Symptomatic extraforaminal gas-containing pseudocyst treated with unilateral biportal endoscopic spinal surgery: a case report and literature review

Background: Gas-containing pseudocyst is an uncommon cause of lumbar radiculopathy and most lumbar gas-containing pseudocysts locate in the spinal canal. While, extraforaminal gas-containing pseudocysts are very rare. Here, we reported a case of extraforaminal gas-containing pseudocyst, which compressed L4 exiting nerve root and caused lumbar radiculopathy.

Case presentation: A 62-year-old female presented with low back pain and radiation to anteromedial aspect of right thigh and anterior aspect of right calf. Computed tomography and magnetic resonance imaging of lumbar spine showed a gas-containing pseudocyst compressing in L4 exiting nerve root right extraforaminal area at L4–5 level. L4 exiting nerve root blocking was performed to confirm the responsible level. Then we performed BESS through a paraspinal approach to remove the gas-containing pseudocyst and release L4 exiting nerve root. Postoperatively, the patient achieved a good outcome and the pain was relieved.

Conclusions: Lumbar gas-containing pseudocyst in extraforaminal area is rare and can cause lumbar radiculopathy. Paraspinal approach BESS is an alternative method to treat extraforaminal gas-containing pseudocyst and can provide good outcome.

Introduction

Epidural gas-containing pseudocysts (GCPs) are uncommon causes of lumbar radiculopathy and it has been reported that GCPs are often associated with the intervertebral vacuum phenomenon (1–3). Most lumbar GCPs locate in the spinal canal and coexist with a disk fragment (4, 5). While the extraforaminal GCPs causing nerve root compression are extremely rare (3–5).

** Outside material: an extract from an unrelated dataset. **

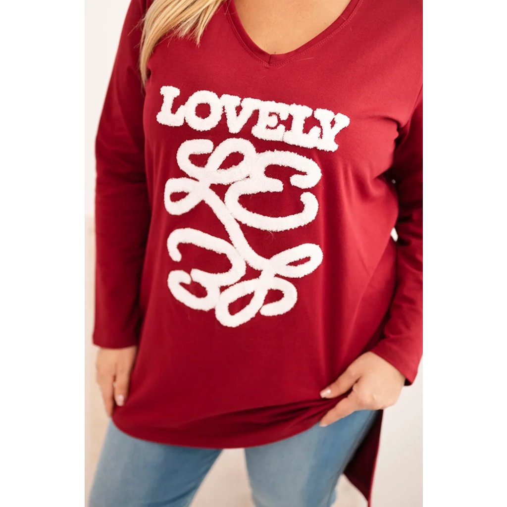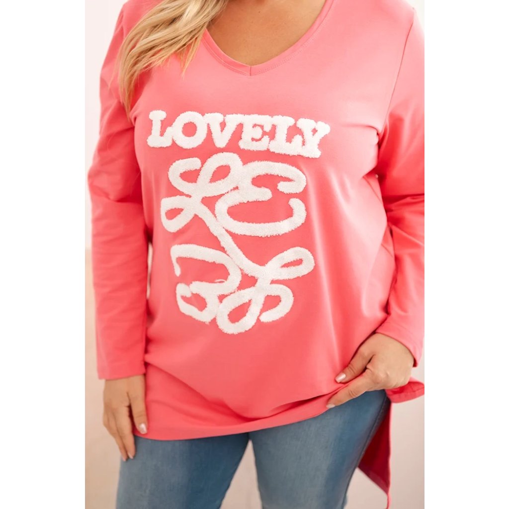 Dámská blůza Plus Size s nápisem "LOVELY" je vynikající volbou pro ženy, které si cení pohodlí a módního vzhledu na každý den. Vyznačuje se efektním potiskem z měkkého 3D materiálu a klasickým výstřihem ve tvaru písmene V, který opticky zeštíhluje krk.

The treatment of lumbar GCPs including conservative management, percutaneous needle aspiration, percutaneous endoscopy and open surgery (6, 7). As a new endoscopic technique, unilateral biportal endoscopic spinal surgery (BESS) increases surgical movement of instruments with the independent visualization and working portals, provides good and wide field of visualization to unrestricted access contralateral and foraminal and extraforaminal areas (3). BESS has been applied to treat lumbar disc herniation and lumbar spinal stenosis (4). In this report, we present a symptomatic extraforaminal GCP, which was removed by BESS.

Case presentation

A 62-year-old female presented with low back pain and radiation to anteromedial aspect of right thigh and anterior aspect of right calf. The VAS score was 6 and the pain had persisted for 3 months. Physical examination revealed a positive straight leg raising (SLR) sign and lasegue test on the right side. Magnetic resonance imaging (MRI) and computed tomography (CT) of lumbar spine showed a right extraforaminal GCP in L4–5 level, which compressing L4 exiting nerve root (Figure 1).

Figure 1

Figure 1. Right extraforaminal GCP of L4–5 was shown in MRI and CT. (A) MRI axial views of L4–5; (B) MRI sagittal view of L4–5; (C) CT axial views of L4–5; (D) CT sagittal view of L4–5. Red arrow indicated the extraforaminal GCP.

Before BESS, we performed L4 exiting nerve root blocking in the extraforaminal area. The patient reported obvious pain relief after this blocking, which indicated that the responsible level was L4/5, and the target was the right extraforaminal GCP in L4–5 level.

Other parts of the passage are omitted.